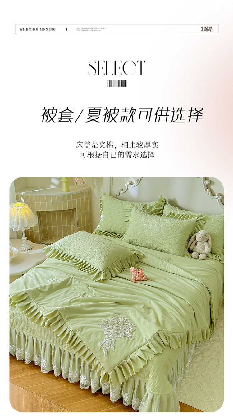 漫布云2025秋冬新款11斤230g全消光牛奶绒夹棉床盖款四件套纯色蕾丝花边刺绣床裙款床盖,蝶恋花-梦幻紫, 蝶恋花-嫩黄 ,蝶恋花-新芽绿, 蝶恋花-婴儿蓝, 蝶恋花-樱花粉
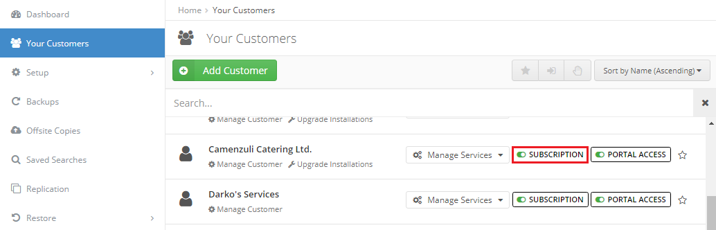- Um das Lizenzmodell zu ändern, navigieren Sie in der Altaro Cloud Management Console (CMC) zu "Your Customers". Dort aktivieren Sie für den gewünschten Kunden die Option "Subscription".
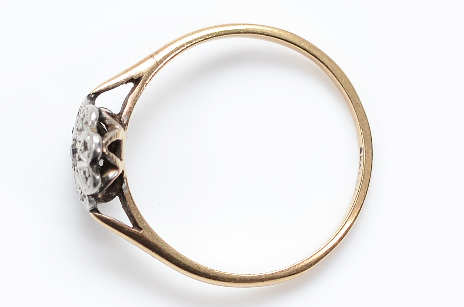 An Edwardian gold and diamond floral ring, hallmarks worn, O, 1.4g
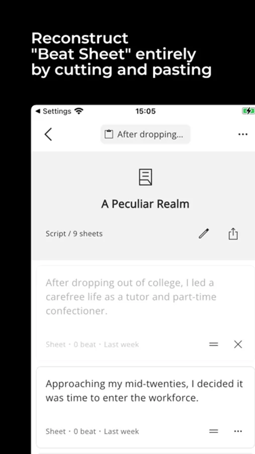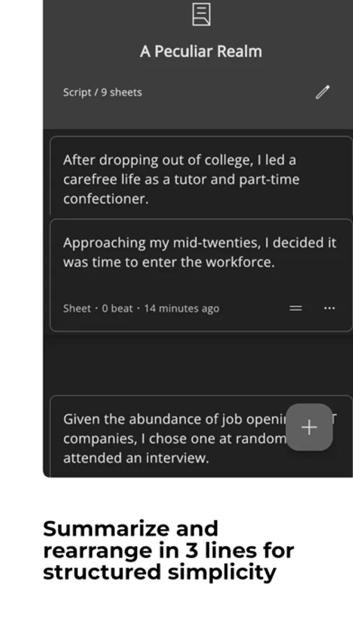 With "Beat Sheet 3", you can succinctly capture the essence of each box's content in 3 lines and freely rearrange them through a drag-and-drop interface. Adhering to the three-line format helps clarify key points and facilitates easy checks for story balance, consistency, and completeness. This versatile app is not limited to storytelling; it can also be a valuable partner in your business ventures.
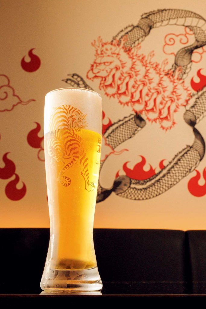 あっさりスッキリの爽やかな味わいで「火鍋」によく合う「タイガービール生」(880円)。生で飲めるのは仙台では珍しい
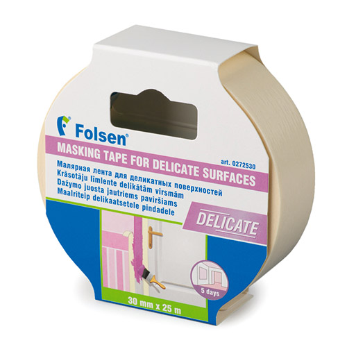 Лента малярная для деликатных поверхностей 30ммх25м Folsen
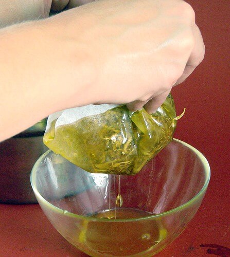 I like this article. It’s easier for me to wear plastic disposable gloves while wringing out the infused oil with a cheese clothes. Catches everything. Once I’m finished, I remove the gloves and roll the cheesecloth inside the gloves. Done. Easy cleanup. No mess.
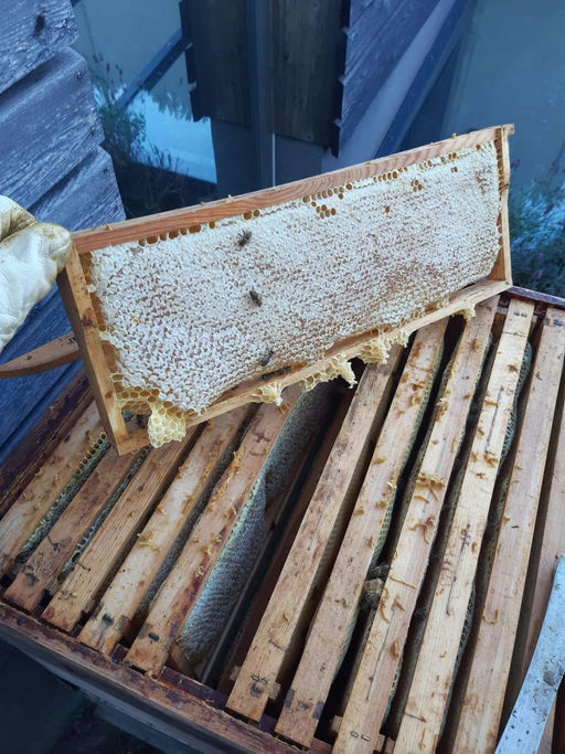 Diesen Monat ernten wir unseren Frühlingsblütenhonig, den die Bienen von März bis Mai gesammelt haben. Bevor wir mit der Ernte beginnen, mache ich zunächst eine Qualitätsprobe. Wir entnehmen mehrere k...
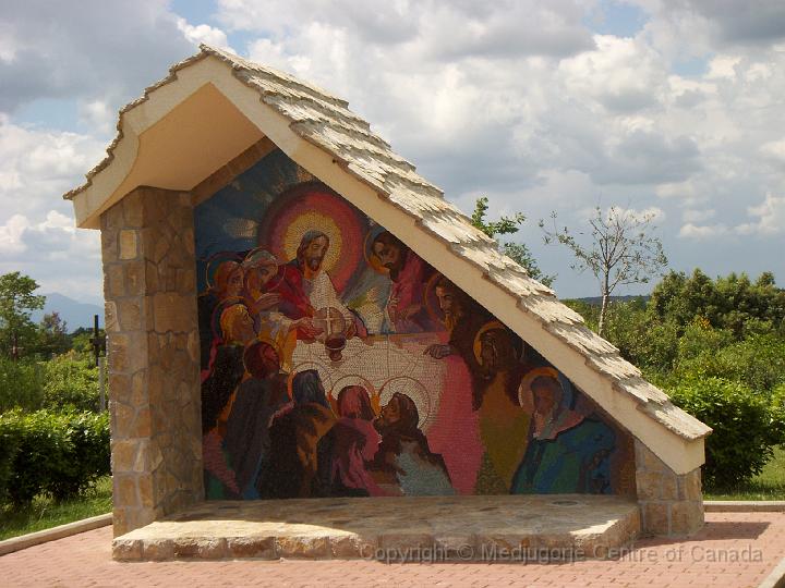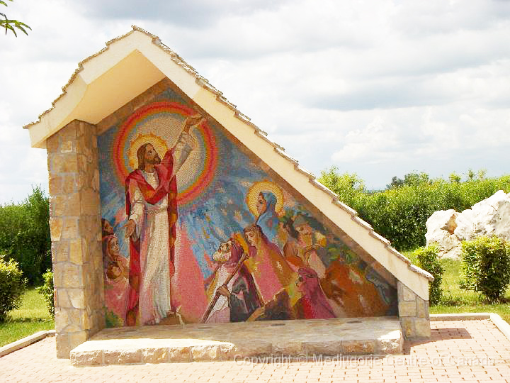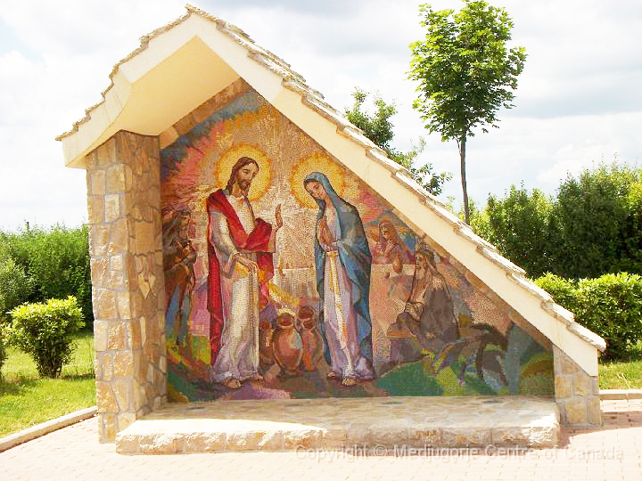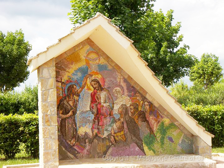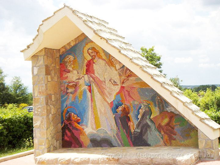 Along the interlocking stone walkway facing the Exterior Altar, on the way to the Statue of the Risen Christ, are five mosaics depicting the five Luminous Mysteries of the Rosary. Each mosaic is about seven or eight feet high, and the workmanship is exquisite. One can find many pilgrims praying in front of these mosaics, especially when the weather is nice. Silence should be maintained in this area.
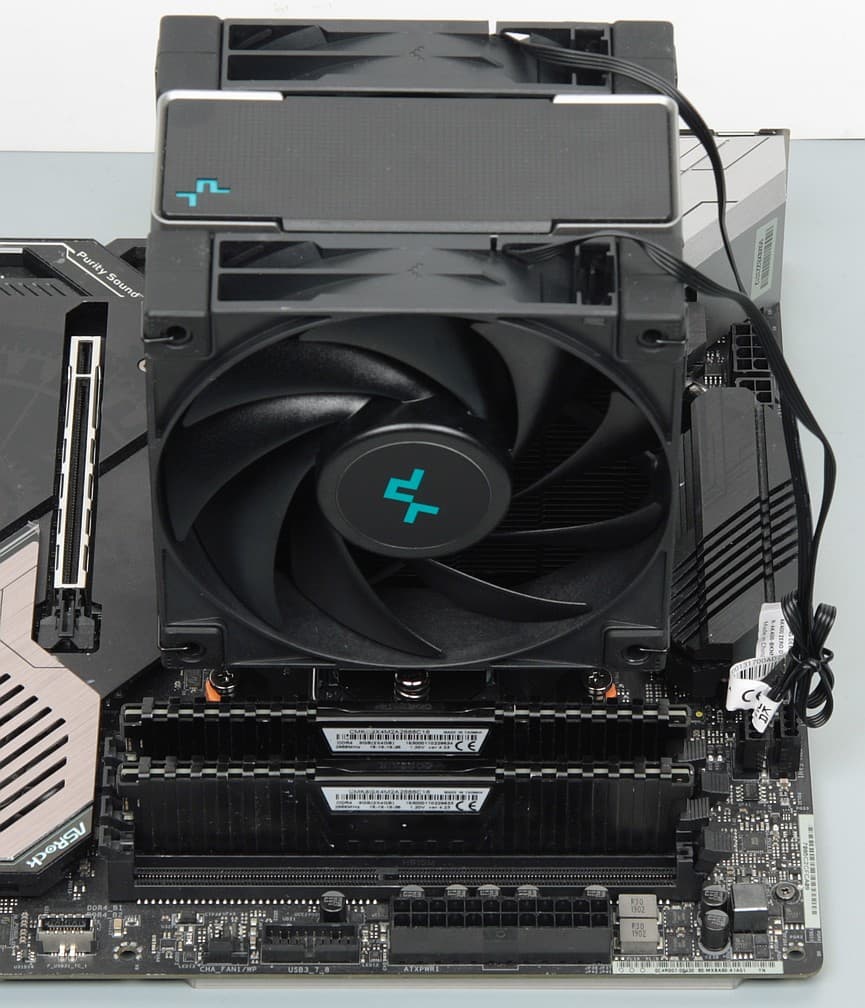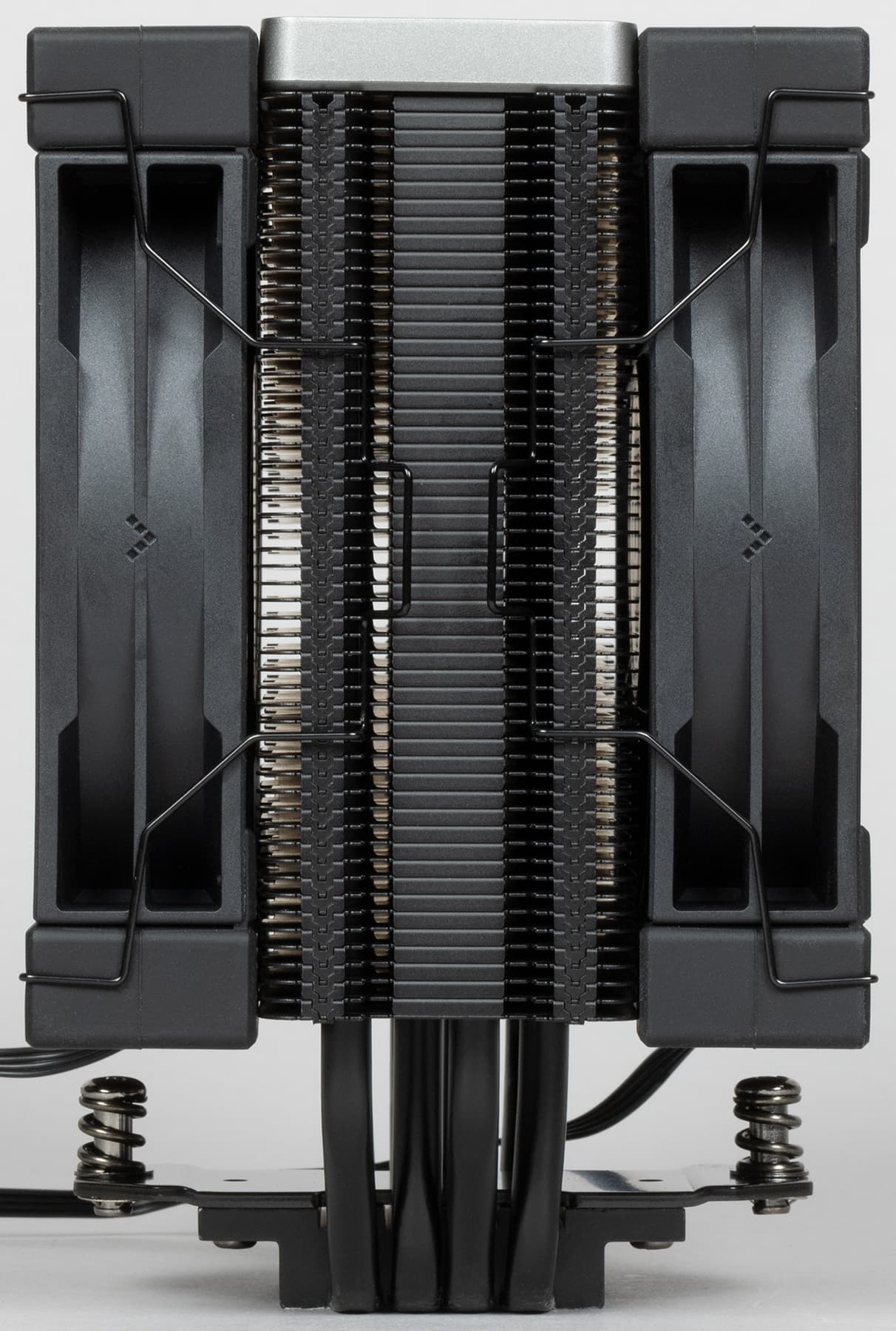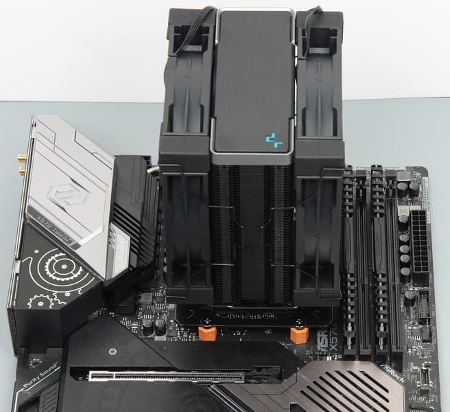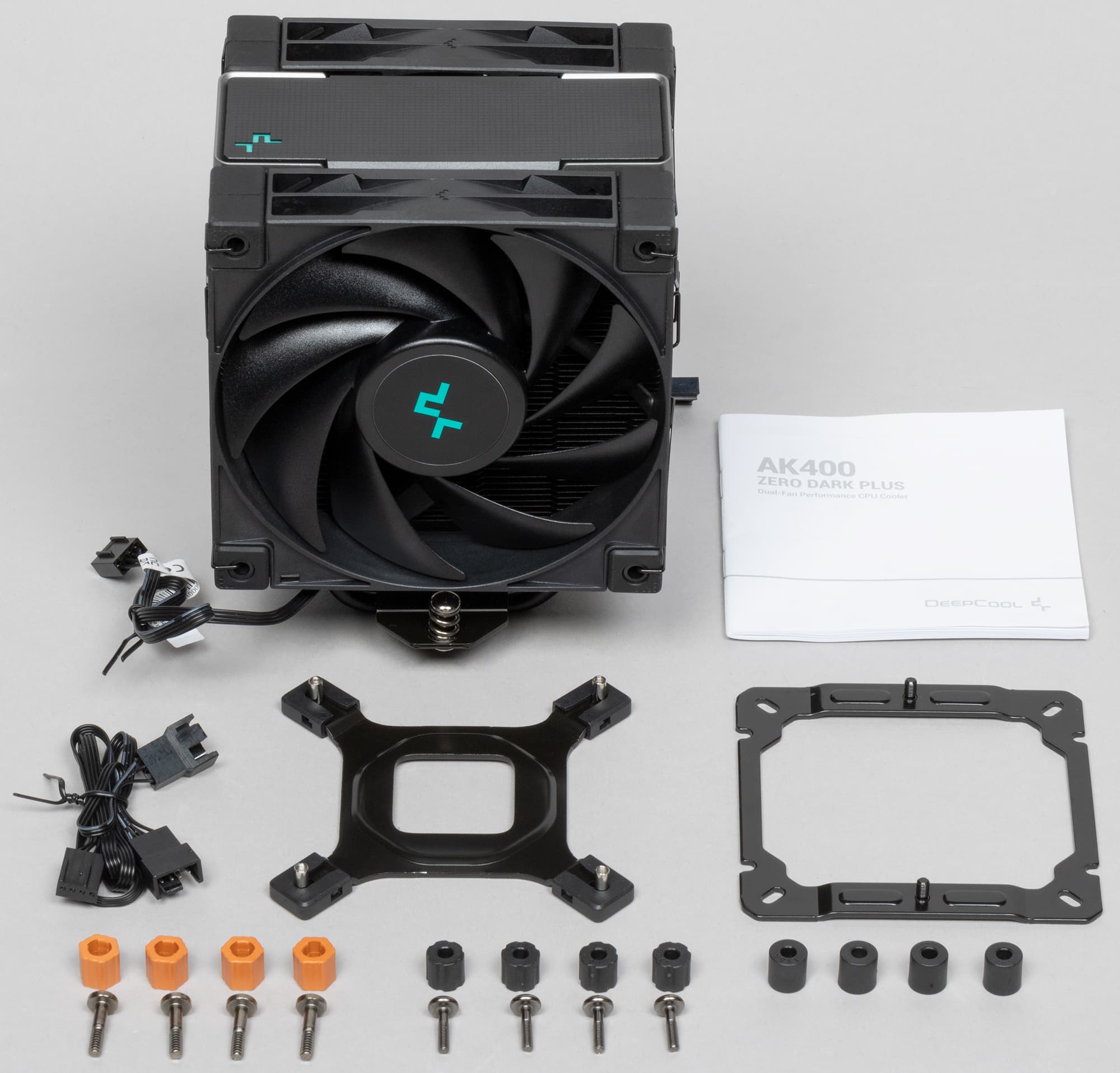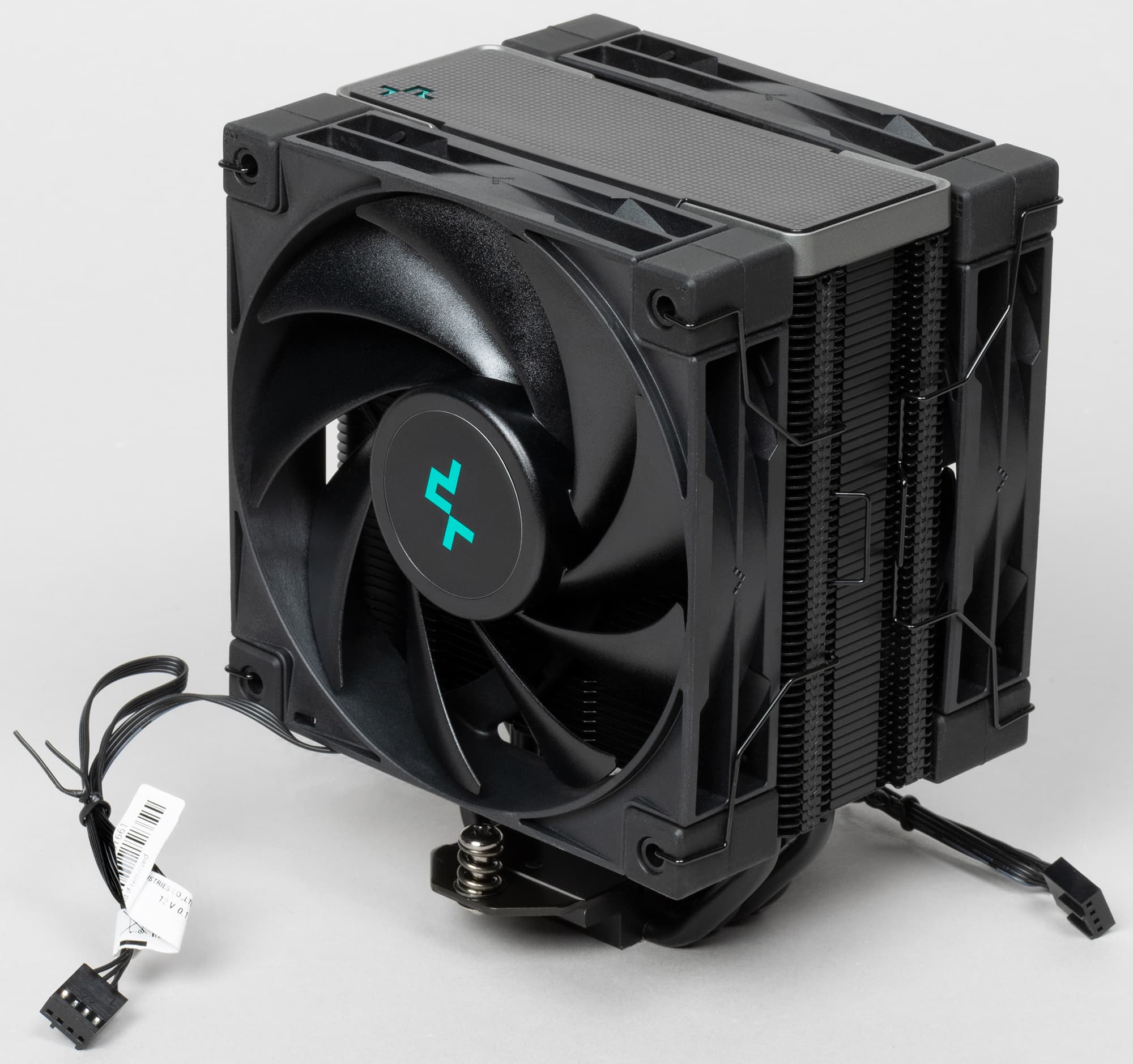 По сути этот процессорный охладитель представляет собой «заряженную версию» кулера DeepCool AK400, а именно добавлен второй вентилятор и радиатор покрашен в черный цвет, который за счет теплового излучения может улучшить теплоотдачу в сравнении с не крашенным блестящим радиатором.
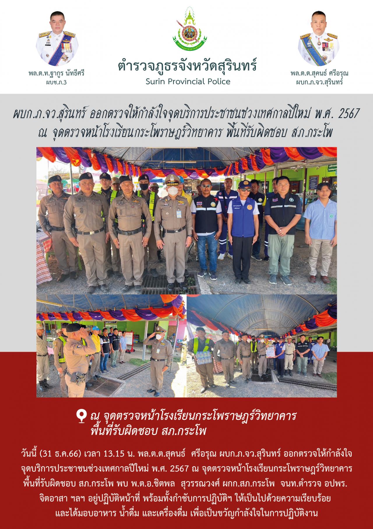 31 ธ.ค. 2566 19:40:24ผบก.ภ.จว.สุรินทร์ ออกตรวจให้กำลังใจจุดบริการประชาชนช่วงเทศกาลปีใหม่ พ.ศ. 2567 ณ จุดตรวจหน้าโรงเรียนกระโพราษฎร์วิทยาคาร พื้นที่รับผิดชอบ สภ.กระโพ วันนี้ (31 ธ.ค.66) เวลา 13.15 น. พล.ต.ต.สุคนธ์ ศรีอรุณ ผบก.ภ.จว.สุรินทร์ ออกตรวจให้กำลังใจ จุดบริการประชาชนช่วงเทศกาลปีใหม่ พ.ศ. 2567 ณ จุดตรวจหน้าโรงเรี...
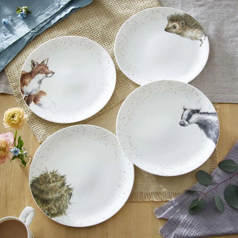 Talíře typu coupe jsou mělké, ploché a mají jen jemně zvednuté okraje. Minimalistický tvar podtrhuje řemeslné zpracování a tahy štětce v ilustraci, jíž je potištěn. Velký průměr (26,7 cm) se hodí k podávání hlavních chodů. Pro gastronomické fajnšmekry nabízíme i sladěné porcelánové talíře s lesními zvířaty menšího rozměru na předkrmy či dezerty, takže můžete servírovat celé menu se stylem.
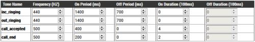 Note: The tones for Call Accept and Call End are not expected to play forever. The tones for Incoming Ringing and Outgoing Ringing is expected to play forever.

_TO DO_
Where pictures appear, drop them, and reproduce exactly only the lines running from the beginning of the data to the line that contains "An Edwardian gold", inclusive.

_FINISHED TASK_
 漫布云2025秋冬新款11斤230g全消光牛奶绒夹棉床盖款四件套纯色蕾丝花边刺绣床裙款床盖,蝶恋花-梦幻紫, 蝶恋花-嫩黄 ,蝶恋花-新芽绿, 蝶恋花-婴儿蓝, 蝶恋花-樱花粉
- Um das Lizenzmodell zu ändern, navigieren Sie in der Altaro Cloud Management Console (CMC) zu "Your Customers". Dort aktivieren Sie für den gewünschten Kunden die Option "Subscription".
 An Edwardian gold and diamond floral ring, hallmarks worn, O, 1.4g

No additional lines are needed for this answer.